Time won’t heal this one. You want to us to come back in the water because you’ve stopped being a hurricane. But you haven’t acknowledged what you’ve done. You haven’t expressed any remorse to anyone, with the exception of the codependent enabler in your life who will always coddle you and tell you how much it wasn't your fault. You’ve just stopped raging (this is second-hand knowledge--please confirm), with the hope that everyone will forget. But how can anyone believe what you refuse to acknowledge?

Last September, there were six of us in a room. Five of us all agreed on what had to be done: you had to make visible, outward changes, and that the rest of us couldn’t go back to acting like everything was normal until you did. But you wouldn’t even admit your fault when we gave you specific examples of your abuse. You blamed your victim, you denied your responsibility. You had no idea what was important in your life, you professed to love an occupation that clearly makes you miserable, and you refused to take responsibility for the changes you need to make in your life.
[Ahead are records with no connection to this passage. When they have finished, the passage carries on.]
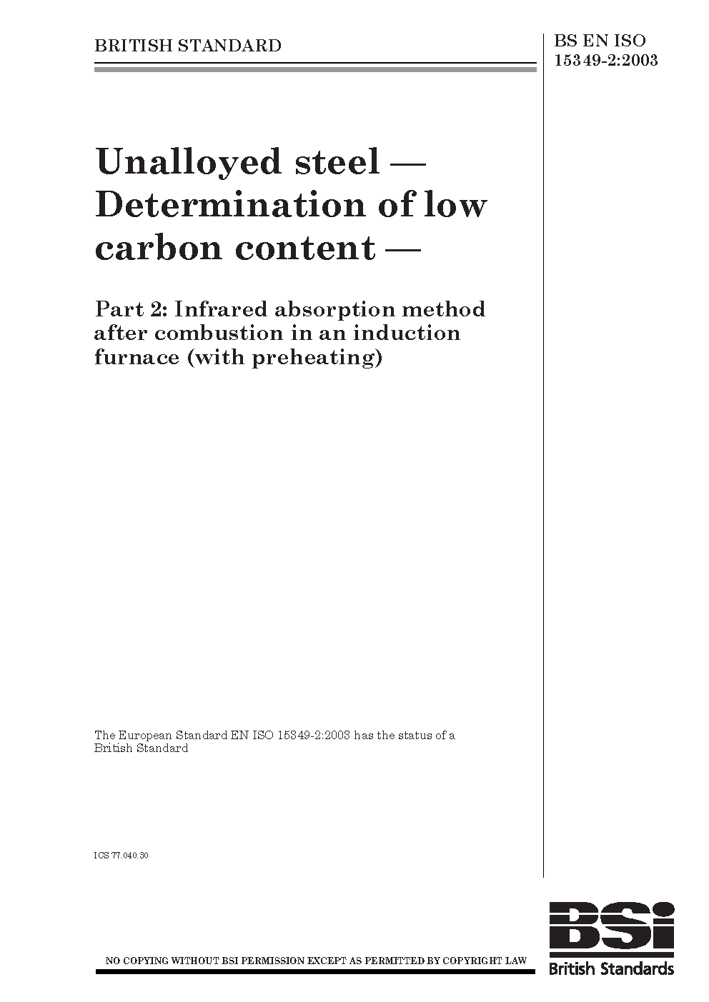 Unalloyed steel. Determination of low carbon content Infrared absorption method after combustion in an induction furnace (with preheating)
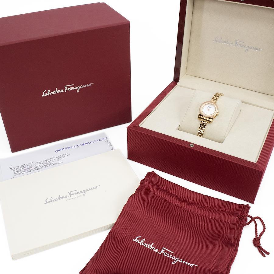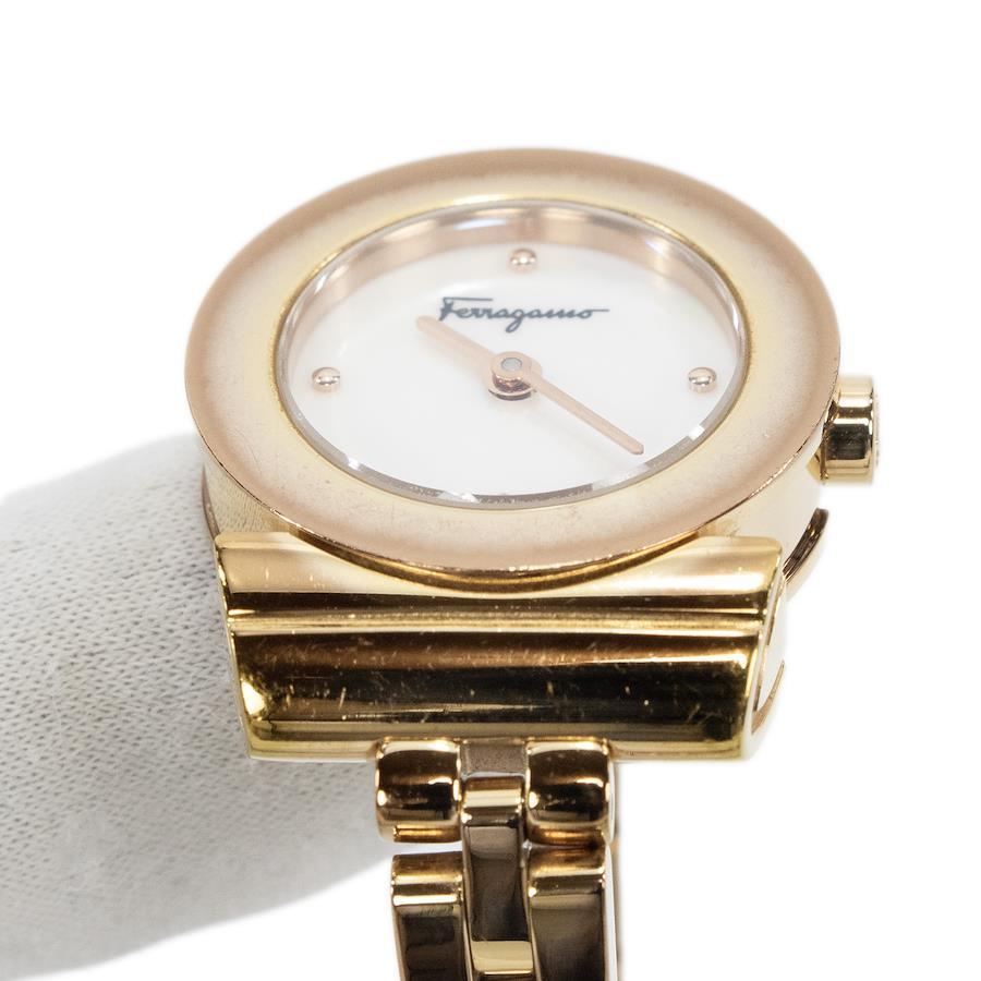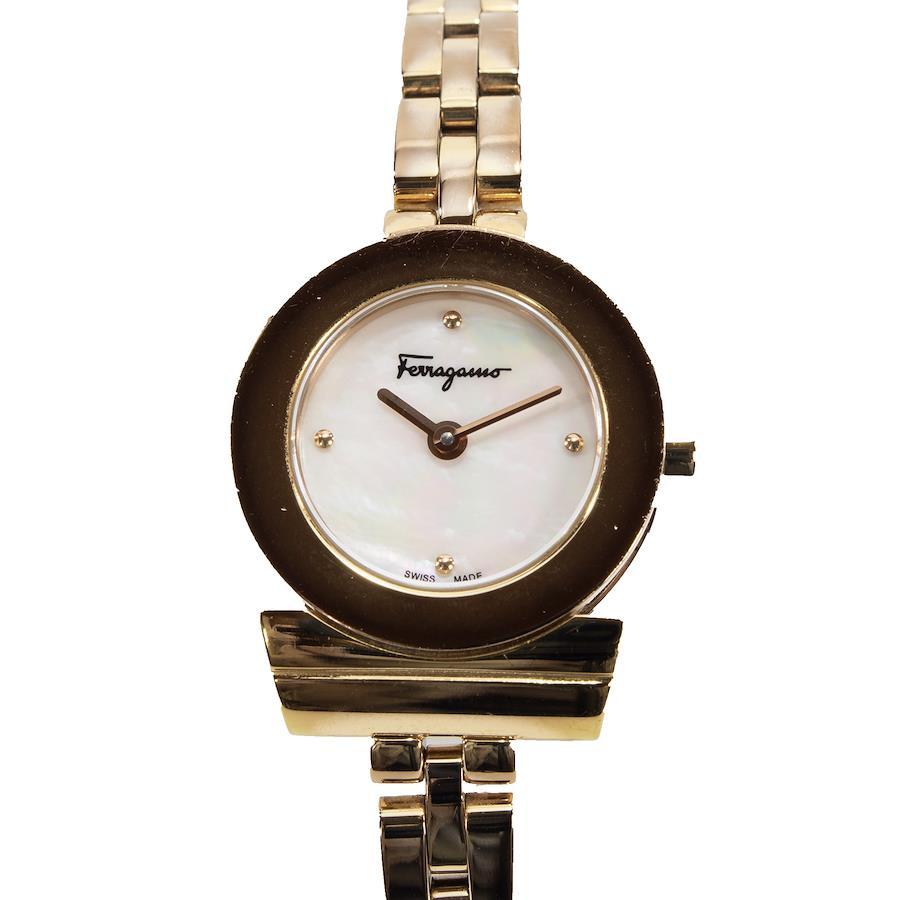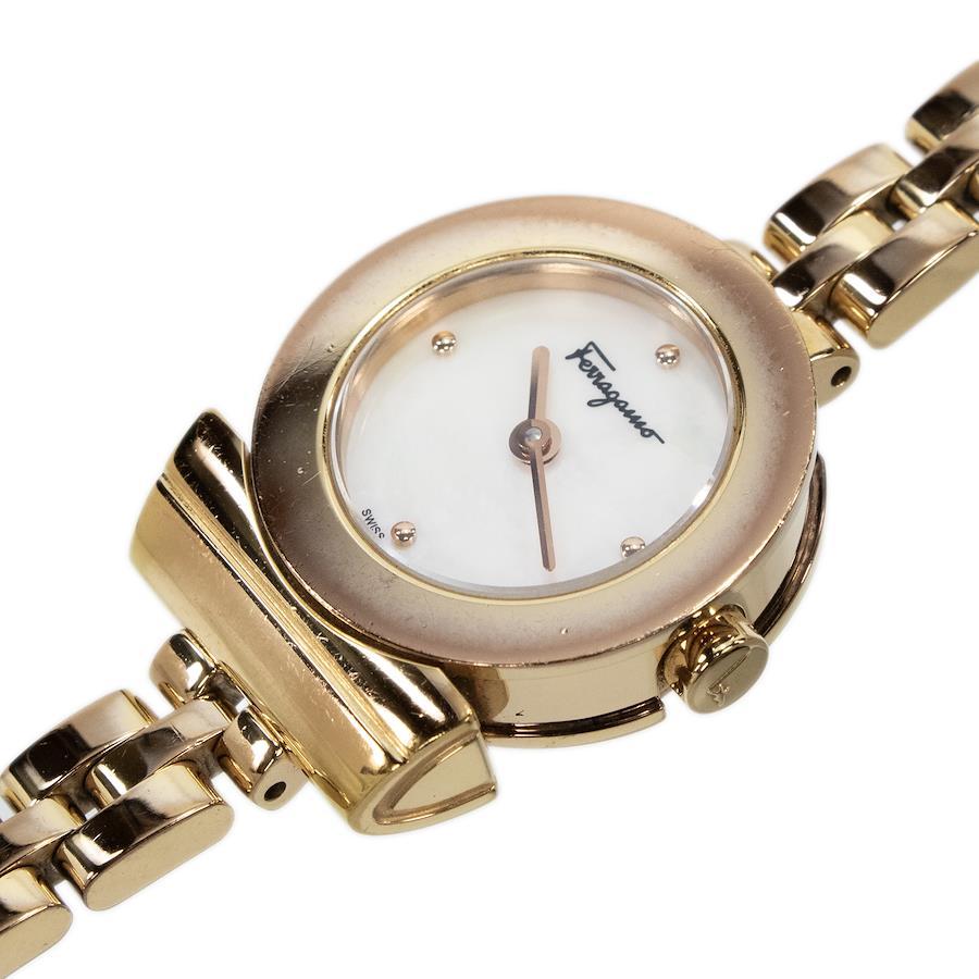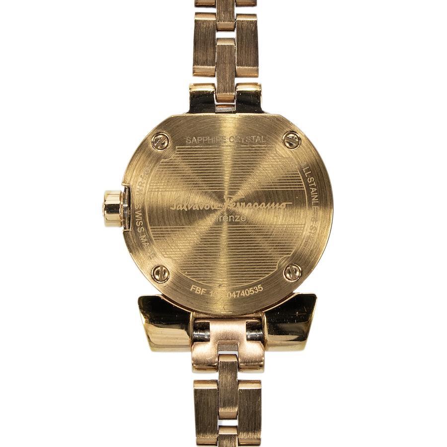 こちらはピンクゴールドの輝きが手元を彩る、フェラガモのガンチーニ・腕時計でございます。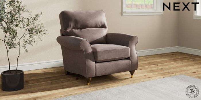 6.12.1 Buy Ashford Highback Armchair Luxe Chenille Mink Brown Modern Turned Metal Cap - Mid from the Next UK online shop Click here to use our accessible website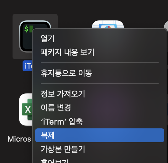 1. 응용 프로그램 폴더로 이동해서 iTerm을 복제해준다.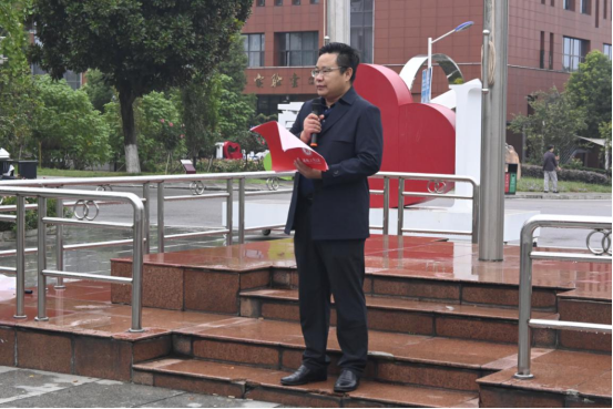 接着,向国成院长国旗下讲话。他回顾了新中国成立76年来从积贫积弱到繁荣富强的辉煌历程,强调了贯彻落实2025年“全民国防教育月”部署要求、弘扬爱国主义主旋律的重要意义。向院长结合学校获批推荐优秀应届本科毕业生免试攻读硕士学位研究生资格的喜讯,鼓励同学们珍惜时代机遇与大学时光,将个人成长融入国家发展大局,以真才实学践行“强国有我”的誓言。同时他表示,学院将以学校获得推免资格为契机,搭建更广阔平台、提供更优质资源,助力学子逐梦前行。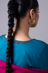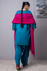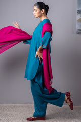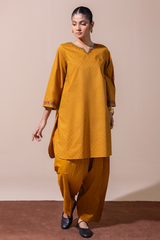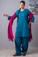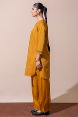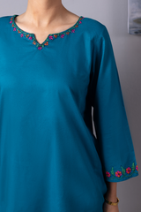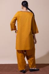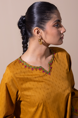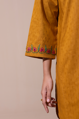 Classic-fit textured shirt with a round neckline and V-slit, adorned with delicate embroidery along the neckline and sleeve hems. Features a rounded hem for a graceful finish. Paired with a classic-fit shalwar.
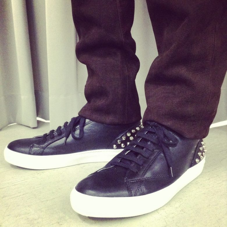 タートルネックの足元は、あえてハードにスタッズスニーカーで是非。
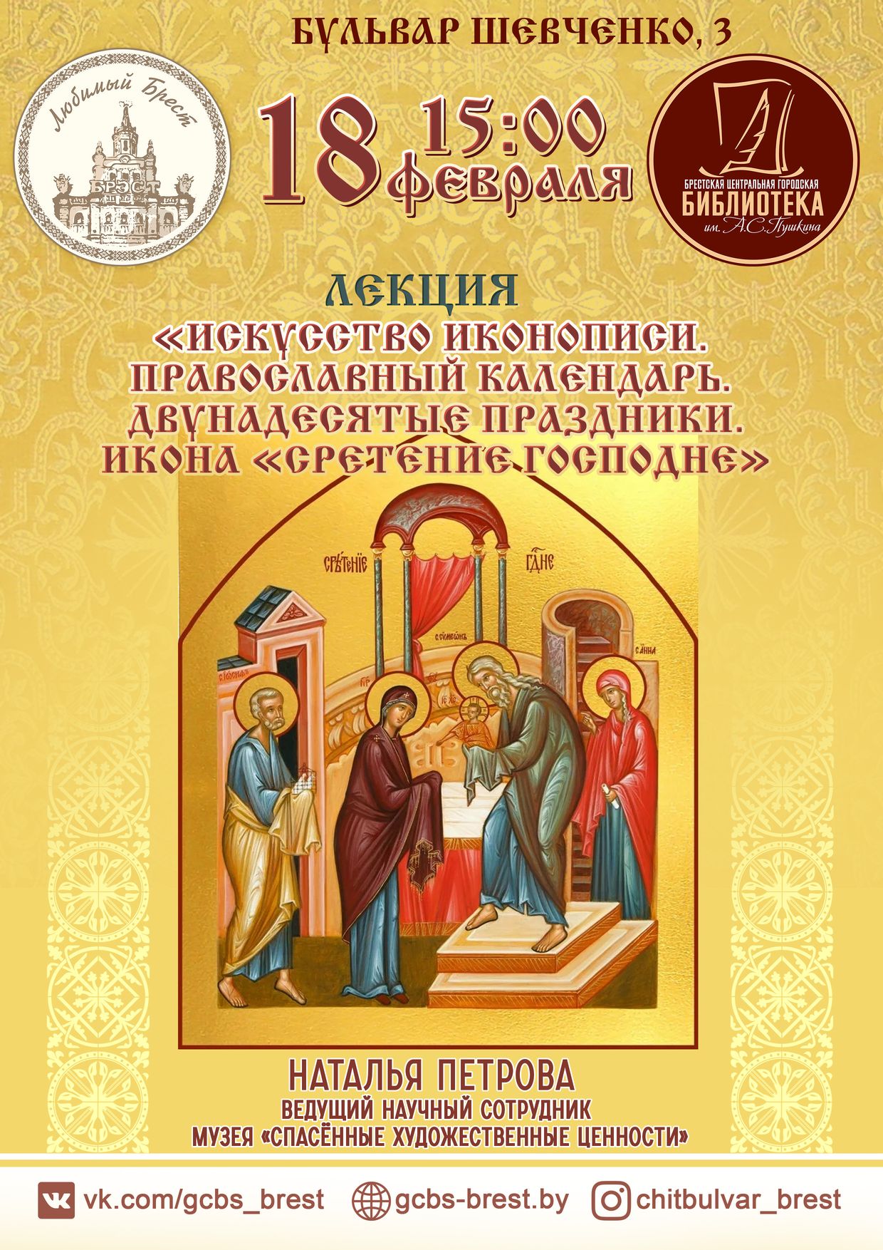 Икона «Сретение Господне» – тема лекции, которая состоится 18 февраля в конференц-зале библиотеки им. А. С. Пушкина.

You know how this situation came to be. For 46 years, no one has ever held you accountable. Your family, for all of their virtues, cowered in fear of you. When you blew up, no one called you on it. You just expected everyone else to get over it--and if they didn’t, that was their fault. You just moved on, as though it was your place to do so. You'll be lucky if that trait doesn't continue into the next two generations.

Which brings me back to this past weekend. You want everything to go back to normal because you’ve been behaving--but in three days of visiting, you didn’t even acknowledge the change in your behavior, much less the reason for the change. But I can give you the simple version: an outsider came into your family and showed you a mirror. You--and everyone else in your immediate family--has now seen who you’ve been, who you are, and who you’re going to become if you don’t take responsibility for your life and make dramatic changes as a result. Incremental changes are already obsolete, and your continued silence will only make things worse.

Things don’t have to get worse. They can get better--you can decide to make changes. This is not as good as it gets. The present situation is not the best we can do. What we (and by "we," I mean the rest of us) are dealing with right now is trying to make the best of a broken family--and fixing broken things is what you do better than anyone I know. Fix this. Fix it now.